The Poet's Fennel and Smoked Fish Salad
Despite the last week being cold and dreary, we are ahead of season in the Rhone Valley this year. The plump little baby fennel bulbs are no longer coming to Lyon's markets, the window only having lasted a few days here. No matter, since fennel, no matter what the size, in addition to being braised or steamed and served with any number of sauces, is wonderful raw in salads. I love the crunch of it raw and the way the hint of anise flavor harmonizes with smoked fish of any kind, be it smoked trout, salmon, or herring.
This salad was inspired by a poet friend of mine, created one early spring morning while she sat upstairs in the mountain house shuffling cards. I put it together thinking of her courage to pass wholeheartedly through the door into being the artist she is. I respect that. Instead of trying to find something otherwise busy or acceptably useful to distract herself from the constant pull that would eventually win anyway, she ducked her head, went through that door, and embraced her vocation with humility and grace. Whenever I make this salad now, I think of her.
The Poet's Fennel and Smoked Fish Salad
The ingredients listed here are suggestions for the salad - apart from the fennel bulbs, smoked fish, chervil and capers, you can mix or match according to what you've got at any given time. If you do use kippers (smoked herring), be sure to soak them in milk first before rinsing and slicing them, to remove as much salt as you can.

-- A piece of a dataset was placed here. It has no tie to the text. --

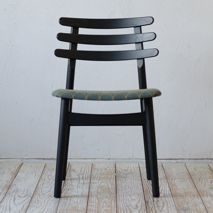 丸みをおびた3本の笠木が独創的なダイニングチェア。 好みに合わせて選べるフレームと生地の組み合わせで、あなたらしい一脚を。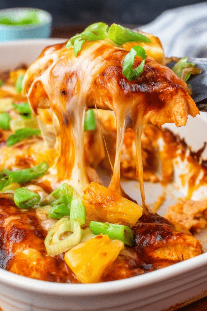Remove from the oven and top with extra diced pineapple and fresh green onions. Serve immediately for the freshest, boldest flavor.

1/4 pound (250 grams) smoked salmon, trout, or herring, sliced
a pound (500 grams) of small spring fennel bulbs, the younger and smaller the better
the leaves and soft young stems from a bunch of fresh chervil
a half head of crisp lettuce, shredded
2 tablespoons pickled capers
3 white spring onions, sliced into thin rings plus their greens, chopped
1 shallot, sliced into thin rings
6 plump red radishes or radis noir if they have them where you live, sliced thin
1 small red bell pepper, slivered
8 small french cornichons, cut into little pieces
1 bunch flat-leafed parsley, washed, rolled and sliced into fine chiffonade
cracked walnuts or toasted pine nuts as desired
a nice idea: a handful of fiddle heads, if you have them, or edible flowers in season
you can also add rice or cold pasta.
Sauce vinaigrette:
1 shallot, minced
1/3 cup good olive oil
a generous pinch of ground sea salt
1 teaspoon Burgundy mustard or Dijon if you don't have that kind
1 tablespoon walnut oil
1 teaspoon brined green peppercorns, finely minced
2 tablespoons wine vinegar (not balsamic) or lemon juice, your choice
Put the ingredients for the sauce in a small bowl and, whisk them until milky, or give them a blast with the stick blender. Layer the rest of the ingredients in the bowl, composing it as you would like it to be presented, and toss the lot with a pair of salad tongs once the bowl is presented at the table. You can serve with with garlic toast or make croutons as well, or simply make composed individual salads on single plates, on a day that you're serving this as part of a sit down lunch with guests. This salad goes very well with a crisp Apremont from the Savoie.
Labels: Printemps 2010
7 Comments:
Goh, that salad looks so deliciously fresh and crunchy... I wish fennel was in season here in South Africa!
Robyn
It's interesting, I only like fennel raw, just like this! Am surprised you can find fiddle heads. I think in Paris, they're be quite a jolt!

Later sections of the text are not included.